В книге рассказывается история главного героя, который сталкивается с различными проблемами и препятствиями на протяжении всего своего путешествия. По пути он встречает множество второстепенных персонажей, которые играют важные роли в истории. Благодаря опыту главного героя книга исследует такие темы, как любовь, потеря, надежда и стойкость. По мере того, как главный герой преодолевает свои трудности, он усваивает ценные уроки жизни и растет как личность.
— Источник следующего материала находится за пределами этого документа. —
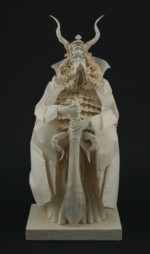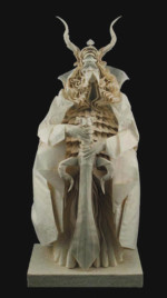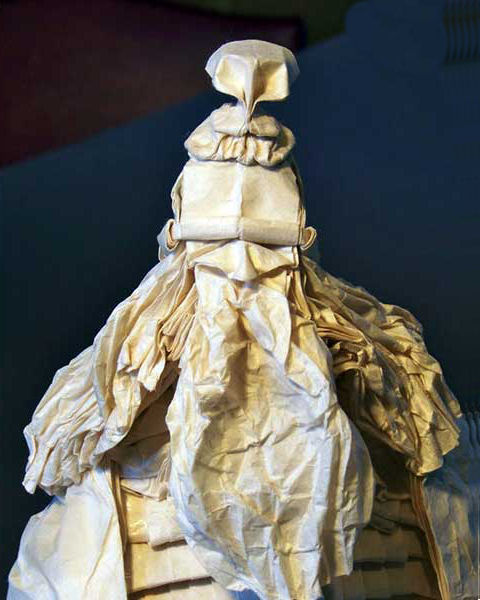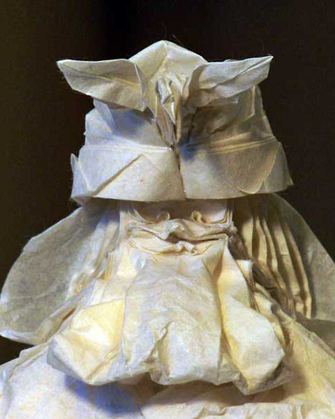 Autre différence importante : l’origami traditionnel est censé être une petite distraction populaire que le grand public peut pratiquer, et donc, supposé être relativement simple, rapide, reproductible, décrit du premier au dernier pas. Au lieu de cela, cette série de Barbares est le fruit de nombreux essais improvisés que j’ai commencé à expérimenter surtout avec les masques. Le nombre de plis est ici très important (plusieurs centaines) ; les déformations des couches de papier plus ou moins aléatoires et souvent complexes, et ces modèles comportent toujours une grande part d’improvisation. Alors c’est moi, et parfois plutôt que moi, le papier lui-même qui a dirigé le travail. Mes modèles ne sont donc pas reproductibles. Même moi, je suis généralement incapable d’en produire une copie !
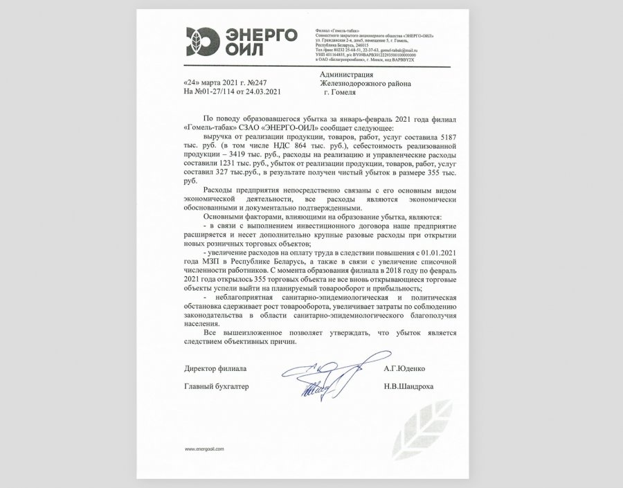Активная переписка между филиалом «Гомель-табак» СЗАО «Энерго-Оил» и администрацией Железнодорожного Гомеля началась в январе 2020 года, когда бухгалтерия предприятия впервые зафиксировала убытки. С тех пор предприятие регулярно отправляло чиновникам письма с объяснениями причин убытков и обещаниями выхода на безубыточную работу. Причем предполагаемый срок выхода на безубыточную работу постоянно смещается. Сначала безубыточность обещали достичь к концу прошлого года. Потом срок сместили на 2021 год, теперь уже обещают на 2022 год.

В книге рассказывается история главного героя, который сталкивается с различными проблемами и препятствиями на протяжении всего своего путешествия. По пути он встречает множество второстепенных персонажей, которые играют важные роли в истории. Благодаря опыту главного героя книга исследует такие темы, как любовь, потеря, надежда и стойкость. По мере того, как главный герой преодолевает свои трудности, он усваивает ценные уроки жизни и растет как личность.